My grandfather was a Baptist preacher. He wouldn’t marry my mother and father because they had been in a previous marriage. It still bothers my father today. I am Presbyterian (not Calvinist). We don’t really discuss marriage a lot in my church. I’m not sure about other denominations but Baptists are really strict. Most Protestants I know have no problem with divorce and remarriage.
i think it depends on the Baptists since that is a wide and varied group and sometimes is just used a a broad catch all phrase. The more fundamental or conservative the Baptist group, the stricter they may seem towards divorce and remarriage. But again as some of the posters pointed out, some group would see a previous divorce before one became “born again” as not an impediment to remarriage within the church but that would not be the Catholic view which is that marriage is considered valid even if the person wasn’t Catholic. I would image the fact your grandfather refusing to marry your father and mother to be a big hurt.
 
If your marriage is anulled, would you have to confess the sin of fornication?
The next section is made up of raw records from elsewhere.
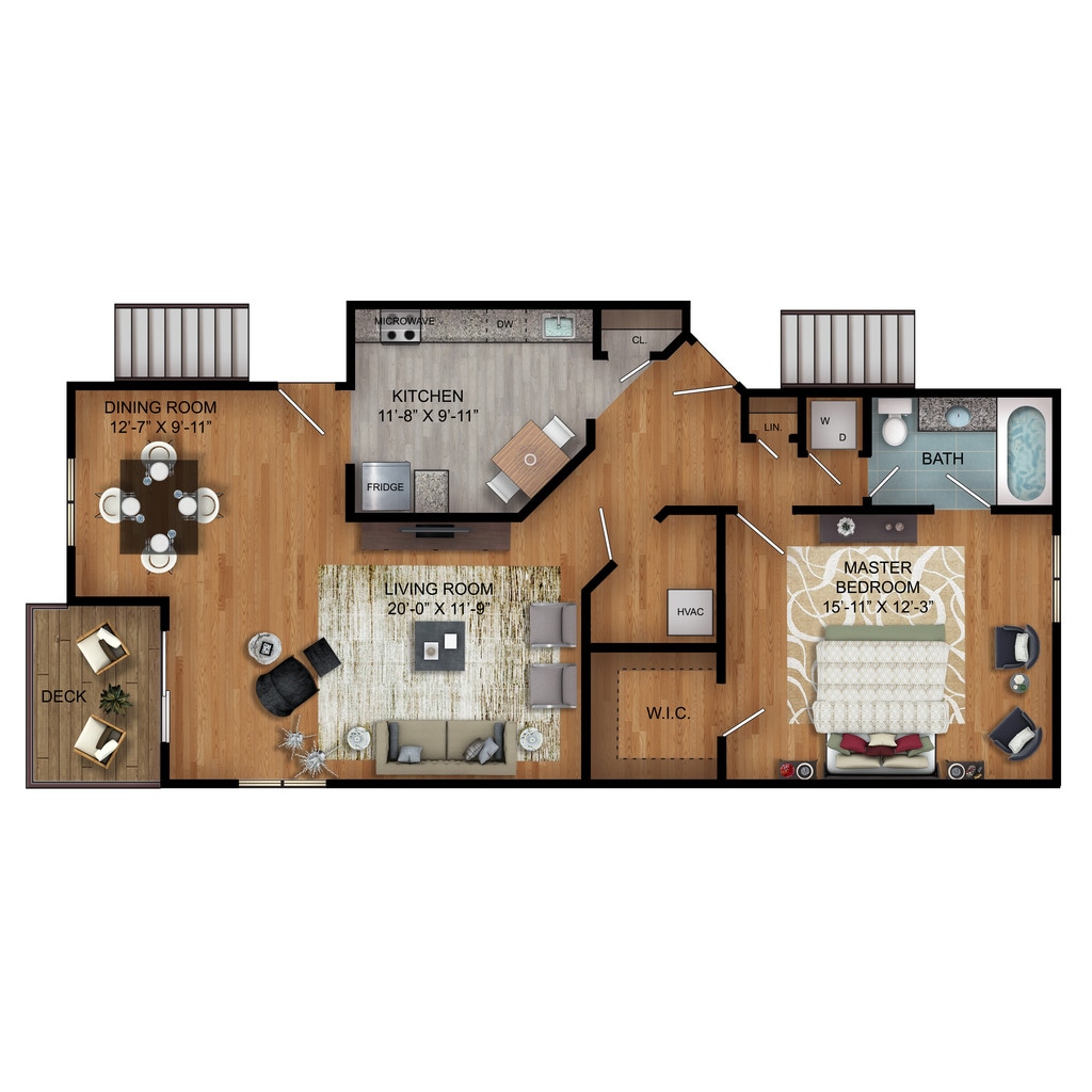 Modelo de apartamento: 1 Bedroom Dining Room$2,0251 Dormitorio, 1 Baño, 940 sq ftDisponible AhoraPlanosFotos![]()
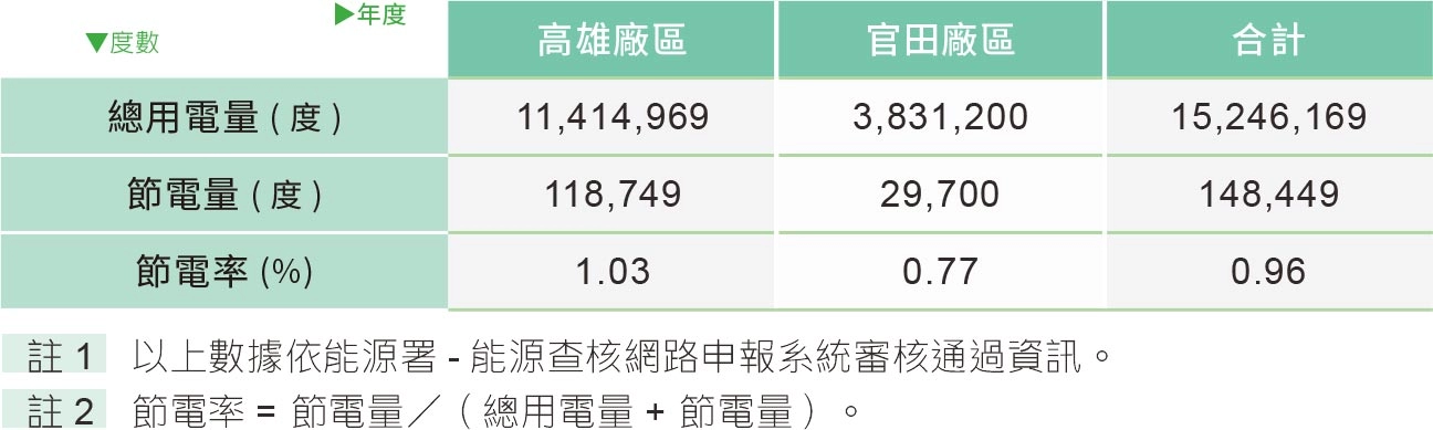 其中2024 年持續推動更換LED 燈(高雄廠區辦公室及維修間、 官田廠區塗裝作業區)及高雄廠傳統潛弧銲機改善為變頻銲機(預估 節電198,076 度),並規劃2025 年進行高雄廠及官田廠辦公室及廠 房照明更換為LED 燈、高雄廠傳統電銲機為變頻式電銲機、公務車 汰換為油電車等減碳策略。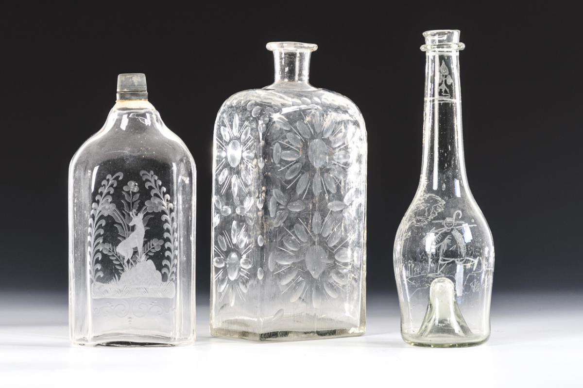 Square bottle with floral cut; demolition (h 23 cm). / Square bottle with hunting and floral engraving and pewter screw cap (H 20 cm). / Slender bottle with raised base and figural engraving (H 23 cm). 1x stress cracks in the raised base.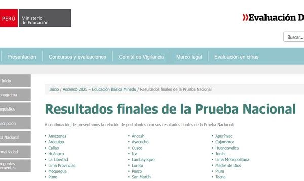 A continuación, le presentamos la relación de postulantes con sus resultados finales de la Prueba Nacional: Amazonas Áncash Apurímac Arequipa Ayacucho Cajamarca Callao Cusco Huancavelica Huánuco Ica Junín La Libertad Lambayeque Lima Metropolitana Lima Provincias Loreto Madre de Dios Moquegua Pasco Piura Puno San Martín Tacna Tumbes Ucayali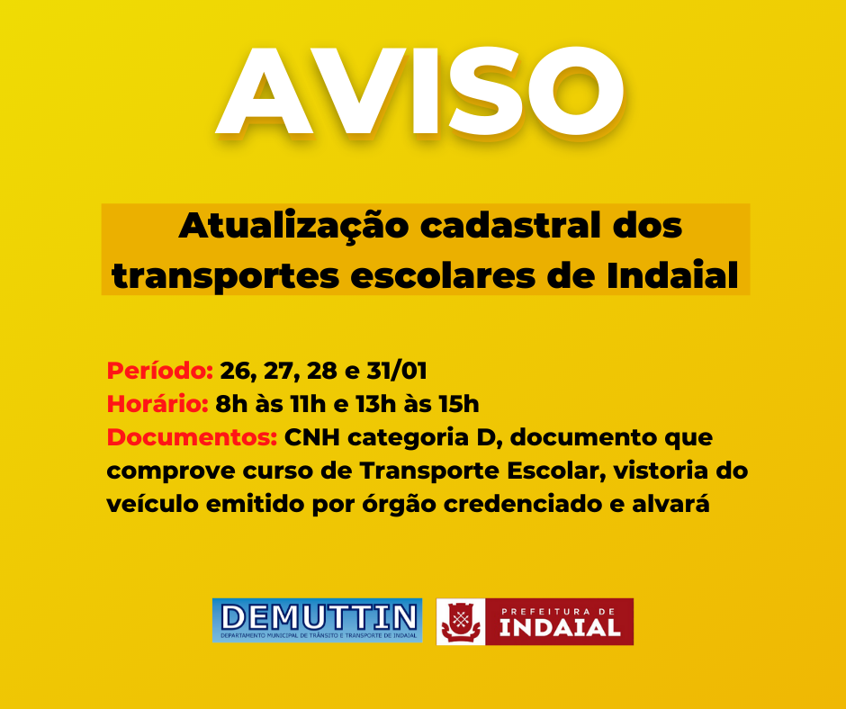INDAIAL – O Departamento Municipal de Trânsito (Demuttin) informa que, entre os dias 26, 27, 28 e 31 de janeiro, motoristas devem realizar a atualização cadastral dos transportes escolares de Indaial. Para isso, a orientação é comparecer às dependências do Demuttin, localizado na Rua Marechal Floriano Peixoto, 49, Centro, das 8h às 11h e das 13h às 15h.

To the OP, I was raised Church of Christ (not LDS) When my mother divorced my father, she was told not to come back to church.
I have a friend who is a Southern Baptist preacher. He will not marry a couple if one is baptized and the other isn’t. I don’t know how he feels about marrying previously married couples.
 
Oddly enough, this is sort of what my OSAS friends say when one of their fellow members benign to sin - that they ‘never really took Jesus into their heart to begin with.’
Interesting.

Once married always married* = OSAS.

PRmerger likes. 🙂

*until death, of course.
That said… we silly Lutherans avoid the whole problem of having to annul a sacrament by declaring that we only have two sacraments. The good news is these two can never be found to be lacking: Baptism and Communion.
What does your church say about divorce and re-marriage, ben? I am not familiar with the Lutheran position on this.
 
What does your church say about divorce and re-marriage, ben? I am not familiar with the Lutheran position on this.
At the beginning of the thread, I put up a link to our rather long 50 page document on the subject.

But, If I had to distill it to a sentence "Somewhat like Orthodox with a strong practical measures to make it rare: pre-marriage counselling, lots of pastoral care, and enough Law so that people repent. " The big difference with Catholics I think is that we view divorce as a singular sin to be repented and forgiven, not as a potential beginning of continuous unrepentant un-chastity.
 
At the beginning of the thread, I put up a link to our rather long 50 page document on the subject.

But, If I had to distill it to a sentence "Somewhat like Orthodox with a strong practical measures to make it rare: pre-marriage counselling, lots of pastoral care, and enough Law so that people repent. " The big difference with Catholics I think is that we view divorce as a singular sin to be repented and forgiven, not as a potential beginning of continuous unrepentant un-chastity.
While I don’t have time to read the 50 page document, if you could distill the Lutheran position, how would you respond to this question: what, then, do Lutherans make of Jesus’ words in Matthew regarding divorce and re-marriage being adultery?